We were struck by how strongly the SOD division was associated with whether individuals could utilize the translucency intervention to improve spatial performance. We further examined what SOD might reveal about an individual’s spatial learning process in addition to its face value (i.e., whether they use a cardinal, map-like representation to encode the space). In our prior observations with this general design6, we observed that SOD does not significantly predict or only had a weak correlation with cognitive map formation under naturalistic learning conditions (i.e., opaque conditions in the current study). First, we ran a correlation analysis of SOD and performance separately in the opaque conditions to see if we can replicate this pattern. As in our previous study, the correlation between SOD and the performance of the first wayfinding task was not significant in the opaque conditions (r(40) = −0.103, p = 0.516; Fig. 5), nor was the correlation between SOD and the performance in the final pointing task (r(40) = −0.146, p = 0.356; Fig. 5). On the other hand, in the translucent conditions, the correlation between SOD and the performance of the first wayfinding task was significant (r(40) = −0.529, p < 0.001, Fig. 5), as was the correlation between SOD and the performance of the final pointing task (r(40) = −0.619, p < 0.001, Fig. 5). A direct comparison demonstrated that these two correlations were significant higher in the translucent conditions than in the opaque conditions (Zs > 2.08, ps < 0.038).

Figure 5
figure5

Correlations between SOD and spatial knowledge tasks performance.

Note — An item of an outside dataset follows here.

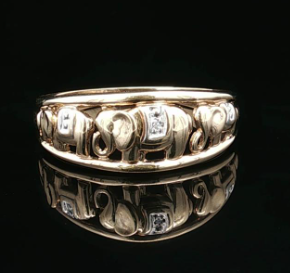 A late 20th century dress ring crafted in two-tone gold featuring three elephants trunk to tail within band of gold on a polished band. Stamped with the 375 hallmark and makers mark AS. Diamond: One natural round brilliant cut, 0.005ct Metal: 9k Yellow and white gold - XRF tested Weight: 2.08 grams Measurements: Base of ring width 1.77mm Finger size: R Era: Late 20th Century Circa 1990s |

Overall, the results from the correlation analysis showed that in the opaque environment, high SOD individuals struggled in wayfinding and pointing as much as their low SOD counterparts. This could be due to the convergence of effects imposed by barriers, the lack of global orientation cues, and the rotational symmetry of the enclosure. We expand on this topic in the Discussion section.

Control analyses

We conducted control analyses to see if our results could be explained by variables other than our key manipulations. The analyses showed that the gender ratio, SOD scores, and, critically, training behavior (total traversed distance, total training time, amount of orientation changes [i.e., “searching” behavior] in the training phase) were not significantly different between the opaque and translucent conditions, and the significant differences in the wayfinding and pointing tasks between the opaque and translucent conditions remained significant when those factors were controlled for (Supplemental Table 2). In addition, the lack of a translucency effect in the participants with low SOD was not reflected in different training behaviors, as these indices (training time, distance and orientation change [amount of scanning]) were not significantly different from the participants with high SOD in the translucent conditions (ts < 1.39, ps > 0.17). Although the sample size was not intended for correlations at this level of group subdivisions, we also validated that the correlation between wayfinding and pointing task performance was above 0.38 in high SOD opaque and translucent groups, and in low SOD opaque condition. This replicates the typical relationship observed in the literature for these measures6,34. Interestingly, however, this correlation was effectively zero (r(17) = −0.007; Fig. 6) for the low SOD participants who were in the translucent conditions.

Figure 6
figure6

Correlations between wayfinding and pointing task performance for high and low SOD groups, separated by opaque and translucent conditions. Translucency appears to decouple pointing and wayfinding performance in the low SOD group, but strengthens the relationship in high SOD individuals.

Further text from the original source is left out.